*** Opening of MATERIAL TO PROCESS ***

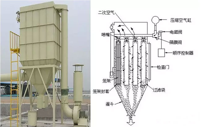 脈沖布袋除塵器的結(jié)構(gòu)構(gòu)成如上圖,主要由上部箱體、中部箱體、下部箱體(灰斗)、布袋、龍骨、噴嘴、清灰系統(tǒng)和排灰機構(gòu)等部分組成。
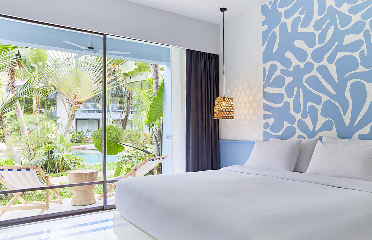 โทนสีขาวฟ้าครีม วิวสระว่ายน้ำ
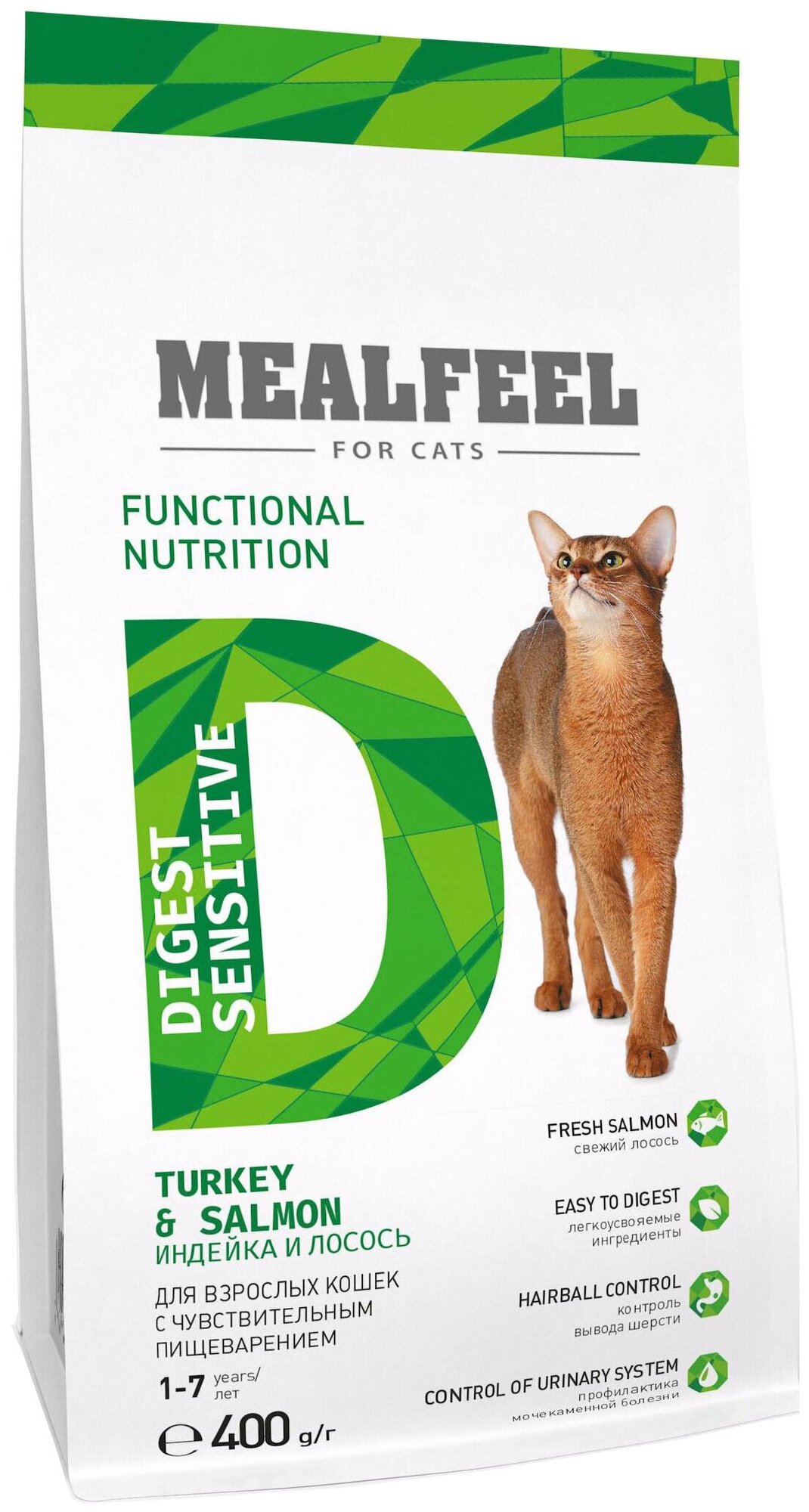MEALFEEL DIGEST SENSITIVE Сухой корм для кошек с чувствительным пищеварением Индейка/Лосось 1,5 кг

*** Close of MATERIAL TO PROCESS ***
*** Opening of MATERIAL TO PROCESS ***

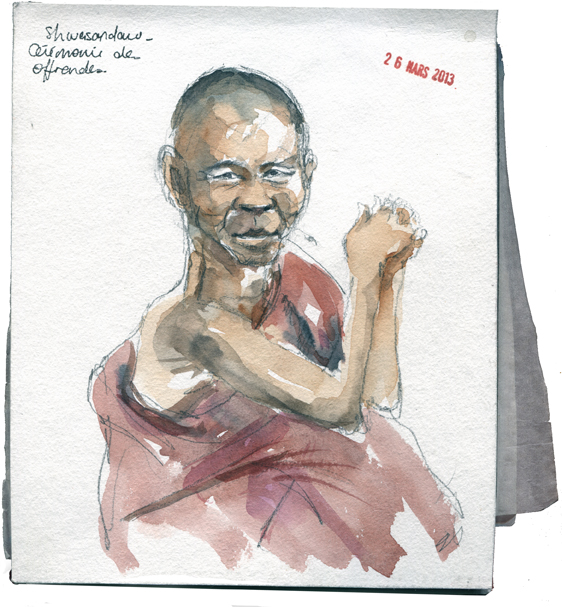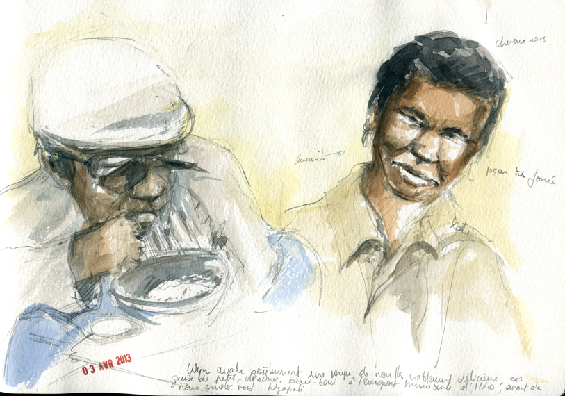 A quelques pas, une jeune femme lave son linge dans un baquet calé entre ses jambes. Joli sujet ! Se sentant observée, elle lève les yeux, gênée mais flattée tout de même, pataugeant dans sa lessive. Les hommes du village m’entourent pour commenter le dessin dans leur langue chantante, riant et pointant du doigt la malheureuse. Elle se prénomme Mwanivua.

*** Close of MATERIAL TO PROCESS ***

### ACTIVITY
Copy only what runs above from the line containing "โทนสีขาวฟ้าครีม วิวสระว่ายน้ำ" through the line containing "MEALFEEL DIGEST SENSITIVE", exactly. Leave out the pictures.

### SOLUTION
 โทนสีขาวฟ้าครีม วิวสระว่ายน้ำ
MEALFEEL DIGEST SENSITIVE Сухой корм для кошек с чувствительным пищеварением Индейка/Лосось 1,5 кг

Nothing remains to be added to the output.